* DATASET *
┏━━

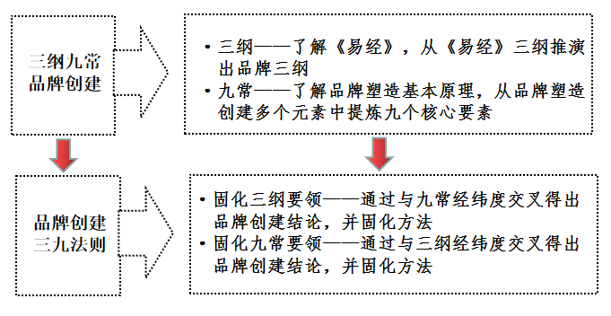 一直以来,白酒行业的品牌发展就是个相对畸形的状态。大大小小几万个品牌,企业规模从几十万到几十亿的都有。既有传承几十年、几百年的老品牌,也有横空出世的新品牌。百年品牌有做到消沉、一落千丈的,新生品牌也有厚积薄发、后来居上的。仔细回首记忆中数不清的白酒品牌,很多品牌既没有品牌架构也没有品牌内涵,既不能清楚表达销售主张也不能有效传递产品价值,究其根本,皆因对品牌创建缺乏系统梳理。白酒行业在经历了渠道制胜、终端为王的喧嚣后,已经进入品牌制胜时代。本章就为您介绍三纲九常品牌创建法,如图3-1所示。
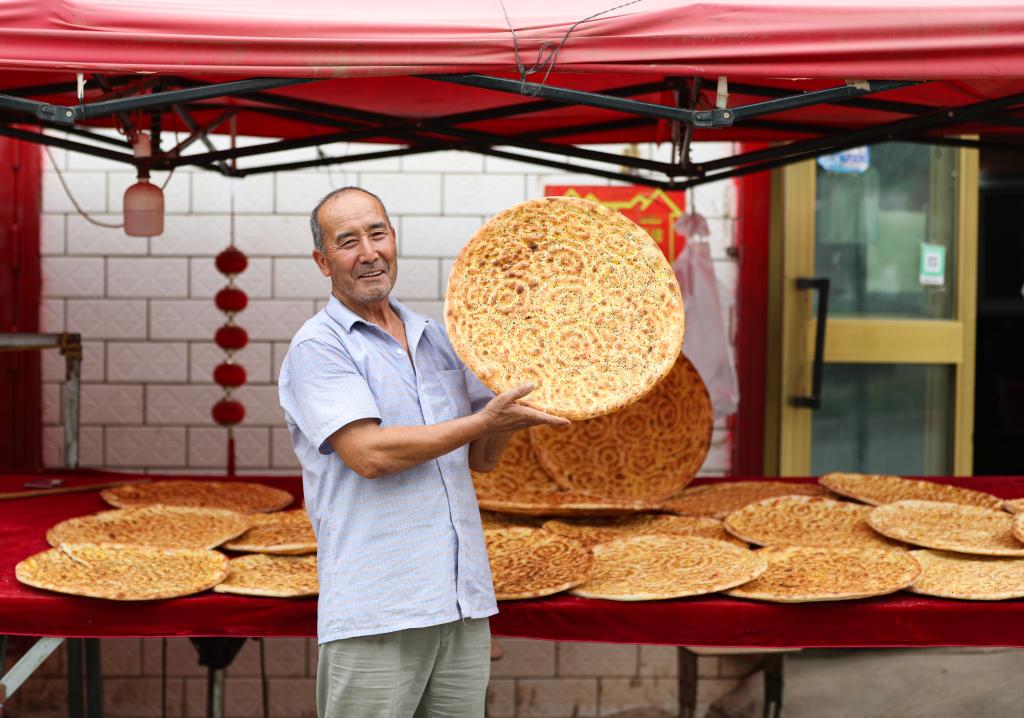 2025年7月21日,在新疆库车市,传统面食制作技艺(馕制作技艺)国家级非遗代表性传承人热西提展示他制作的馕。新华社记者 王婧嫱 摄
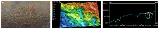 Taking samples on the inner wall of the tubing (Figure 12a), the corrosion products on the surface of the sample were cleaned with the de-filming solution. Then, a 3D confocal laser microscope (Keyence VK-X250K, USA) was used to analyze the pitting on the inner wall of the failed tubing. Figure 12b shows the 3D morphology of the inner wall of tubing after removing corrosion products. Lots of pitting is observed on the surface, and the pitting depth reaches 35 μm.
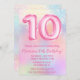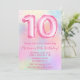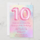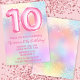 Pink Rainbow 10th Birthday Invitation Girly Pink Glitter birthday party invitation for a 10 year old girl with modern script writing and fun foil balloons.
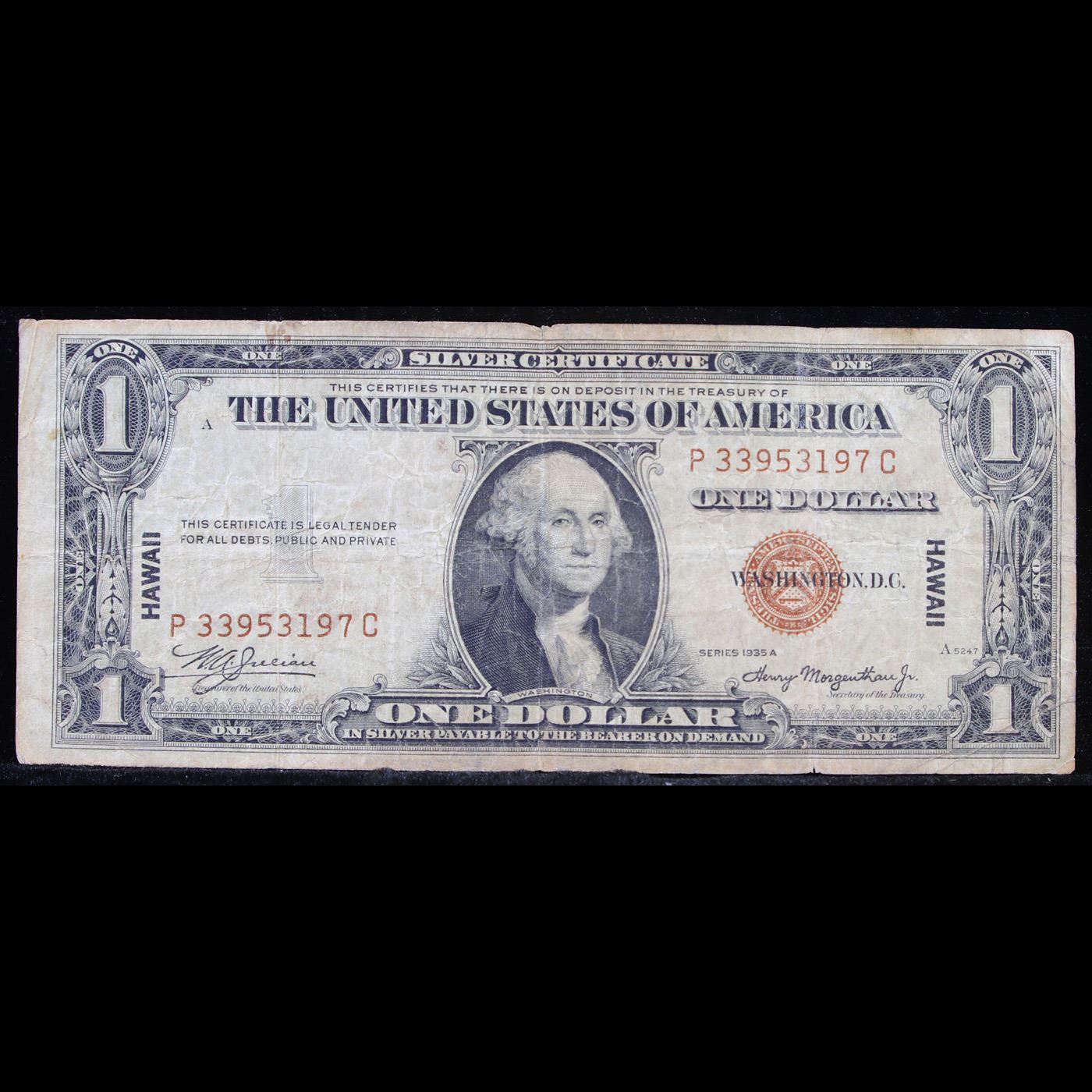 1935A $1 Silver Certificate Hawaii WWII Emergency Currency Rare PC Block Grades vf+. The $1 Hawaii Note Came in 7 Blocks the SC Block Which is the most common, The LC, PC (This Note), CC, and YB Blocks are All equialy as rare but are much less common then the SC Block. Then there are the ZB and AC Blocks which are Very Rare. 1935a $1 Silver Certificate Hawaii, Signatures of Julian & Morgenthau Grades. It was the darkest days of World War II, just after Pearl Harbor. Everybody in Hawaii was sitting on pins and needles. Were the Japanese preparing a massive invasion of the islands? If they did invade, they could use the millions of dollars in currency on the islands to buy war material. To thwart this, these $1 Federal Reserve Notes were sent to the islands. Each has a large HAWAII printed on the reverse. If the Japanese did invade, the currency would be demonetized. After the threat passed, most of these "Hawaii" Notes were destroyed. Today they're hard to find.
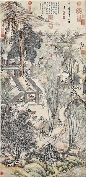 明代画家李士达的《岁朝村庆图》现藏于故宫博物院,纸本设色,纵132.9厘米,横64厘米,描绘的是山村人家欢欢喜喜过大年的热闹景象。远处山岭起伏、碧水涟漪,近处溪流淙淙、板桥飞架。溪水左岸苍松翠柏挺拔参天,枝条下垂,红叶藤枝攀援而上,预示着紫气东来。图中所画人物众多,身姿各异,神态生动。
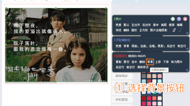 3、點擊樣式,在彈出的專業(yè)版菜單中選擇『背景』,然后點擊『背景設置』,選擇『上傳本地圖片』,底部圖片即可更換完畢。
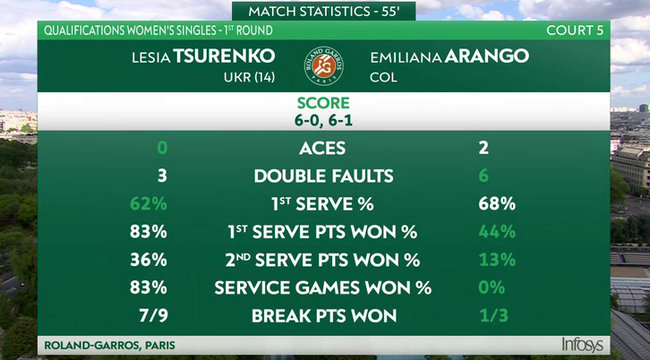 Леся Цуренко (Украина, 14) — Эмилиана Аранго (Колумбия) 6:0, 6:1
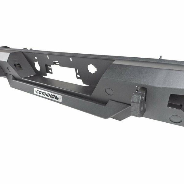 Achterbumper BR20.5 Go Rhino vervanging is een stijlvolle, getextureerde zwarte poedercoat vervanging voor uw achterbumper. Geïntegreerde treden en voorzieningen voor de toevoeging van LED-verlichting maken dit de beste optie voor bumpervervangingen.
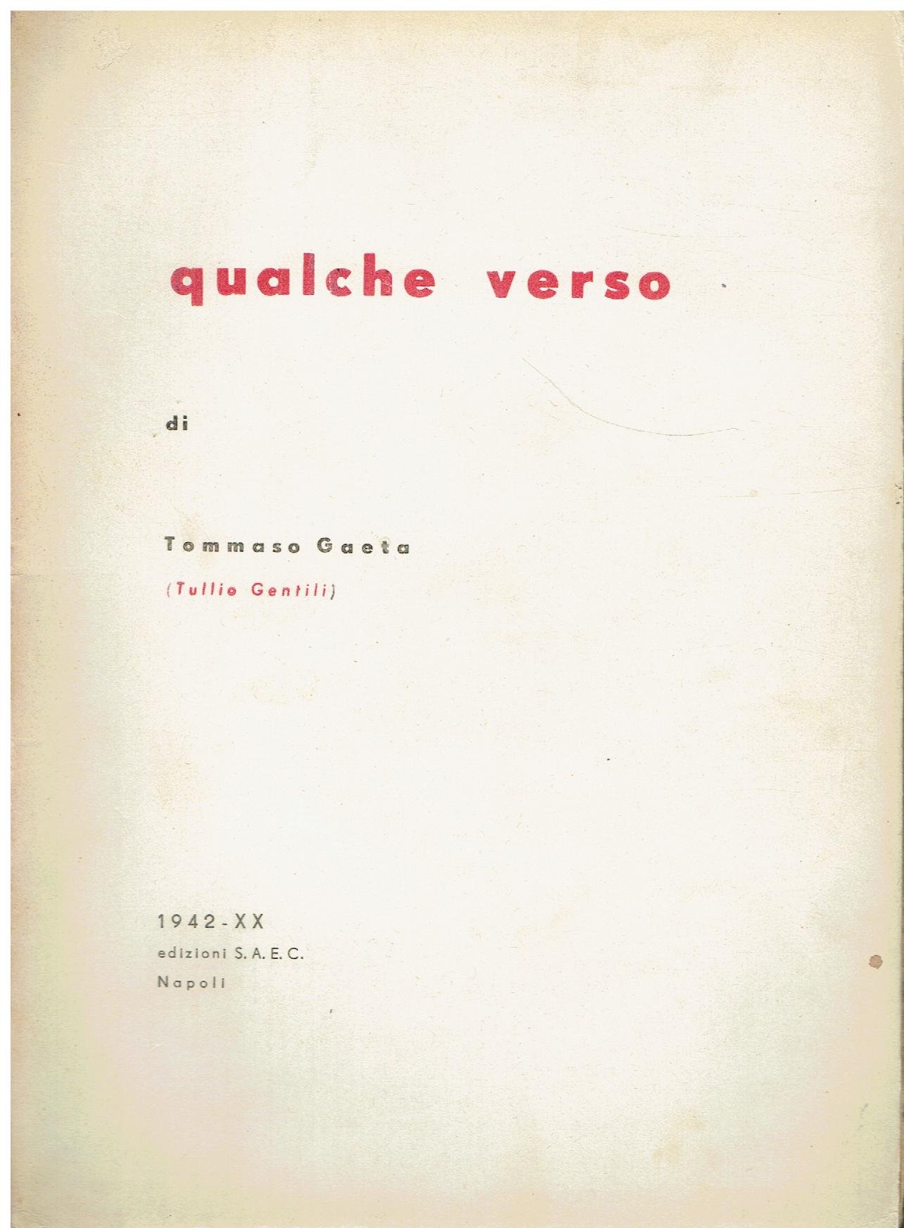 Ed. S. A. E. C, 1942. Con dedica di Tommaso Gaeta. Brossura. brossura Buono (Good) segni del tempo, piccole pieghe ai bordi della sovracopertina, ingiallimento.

┗━━
┏━━

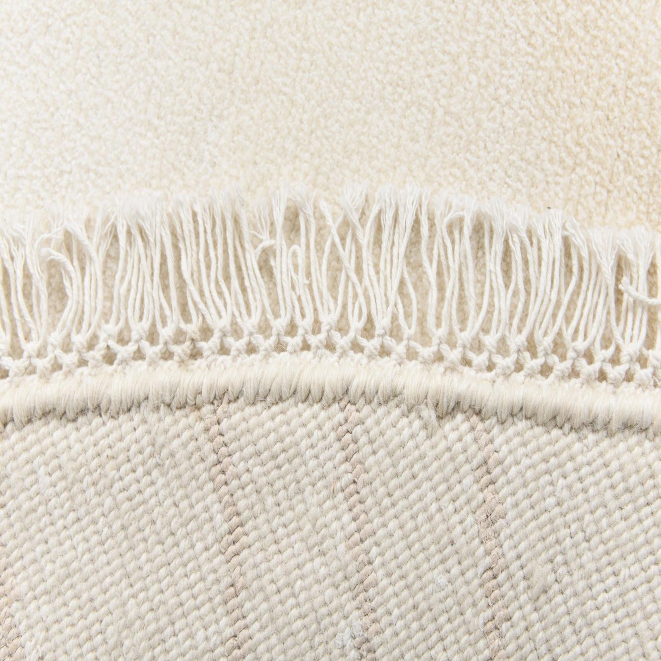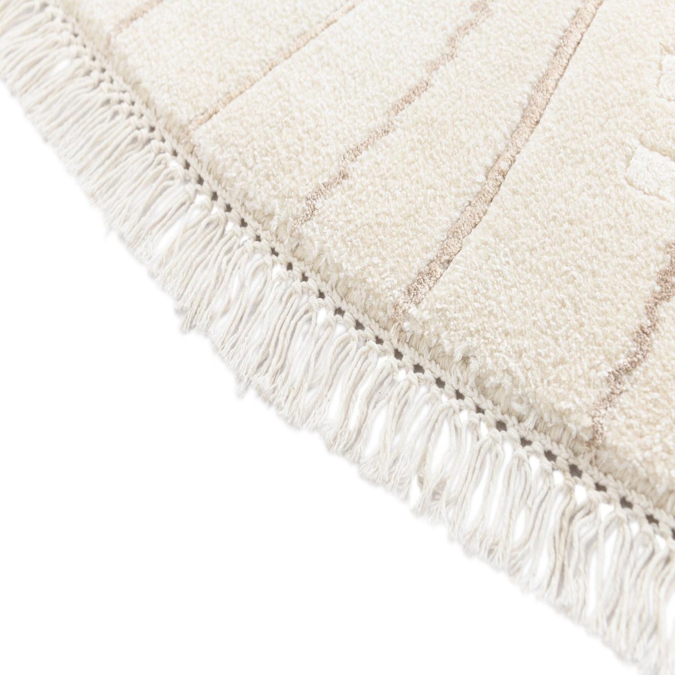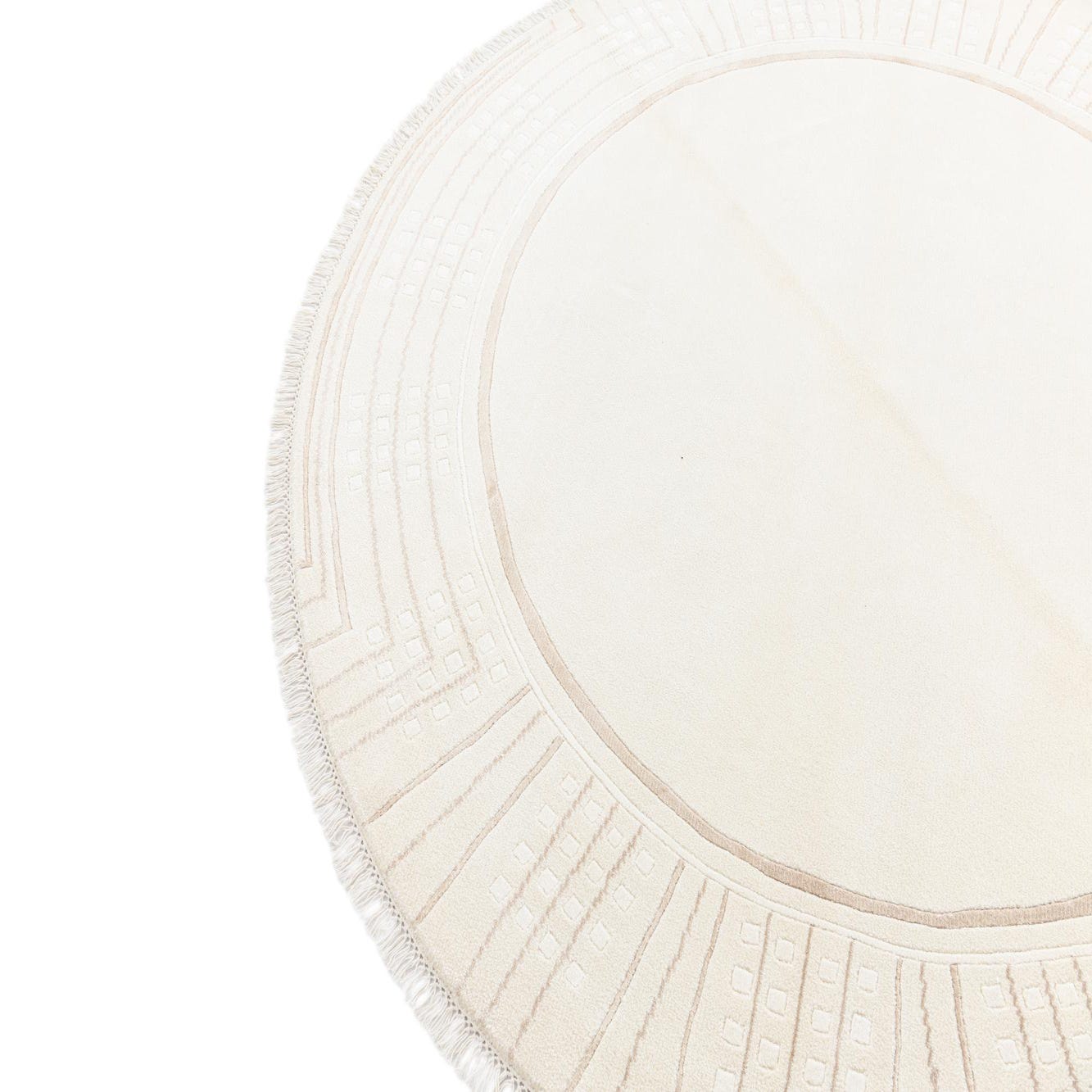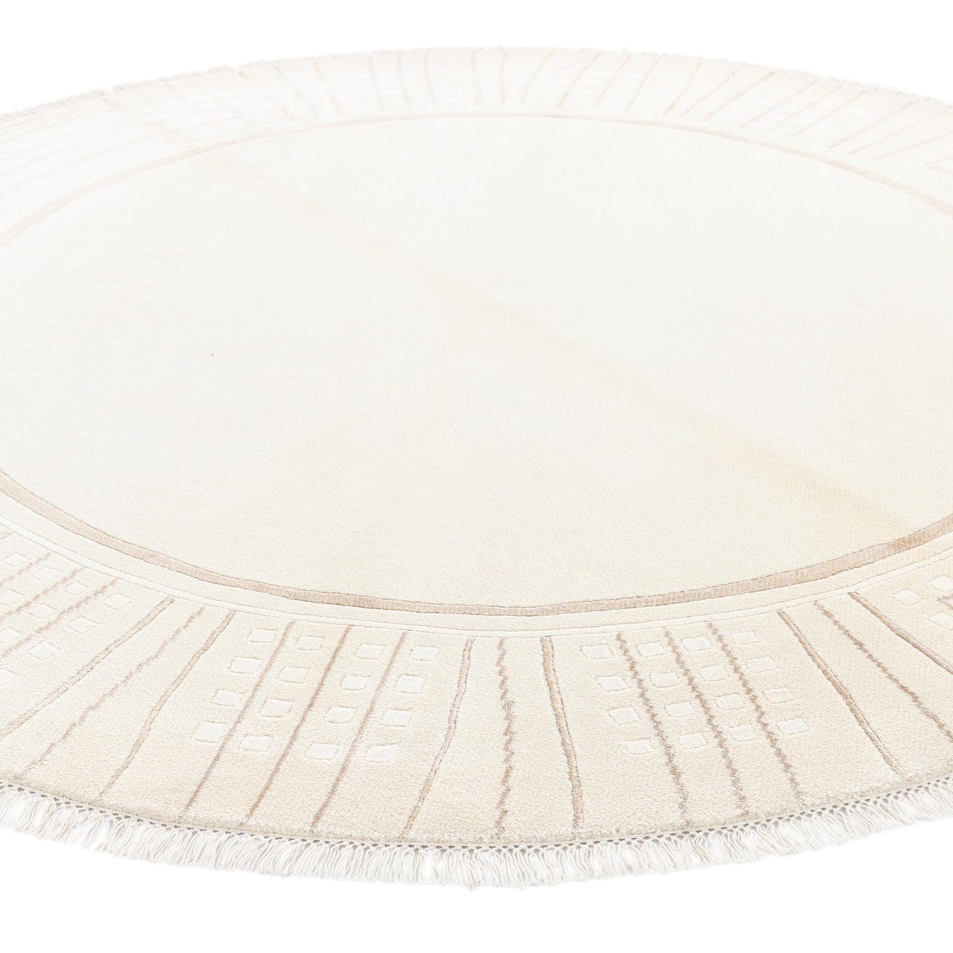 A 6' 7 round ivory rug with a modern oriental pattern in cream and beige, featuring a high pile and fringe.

┗━━

* ASSIGNMENT *
The reply should hold exactly the lines above, starting at the line with "3、點擊樣式,在彈出的專業(yè)版菜單" and ending at the line with "Ed. S. A. E.", and no pictures.

* SOLUTION TO THIS TASK *
 3、點擊樣式,在彈出的專業(yè)版菜單中選擇『背景』,然后點擊『背景設置』,選擇『上傳本地圖片』,底部圖片即可更換完畢。
 Леся Цуренко (Украина, 14) — Эмилиана Аранго (Колумбия) 6:0, 6:1
 Achterbumper BR20.5 Go Rhino vervanging is een stijlvolle, getextureerde zwarte poedercoat vervanging voor uw achterbumper. Geïntegreerde treden en voorzieningen voor de toevoeging van LED-verlichting maken dit de beste optie voor bumpervervangingen.
 Ed. S. A. E. C, 1942. Con dedica di Tommaso Gaeta. Brossura. brossura Buono (Good) segni del tempo, piccole pieghe ai bordi della sovracopertina, ingiallimento.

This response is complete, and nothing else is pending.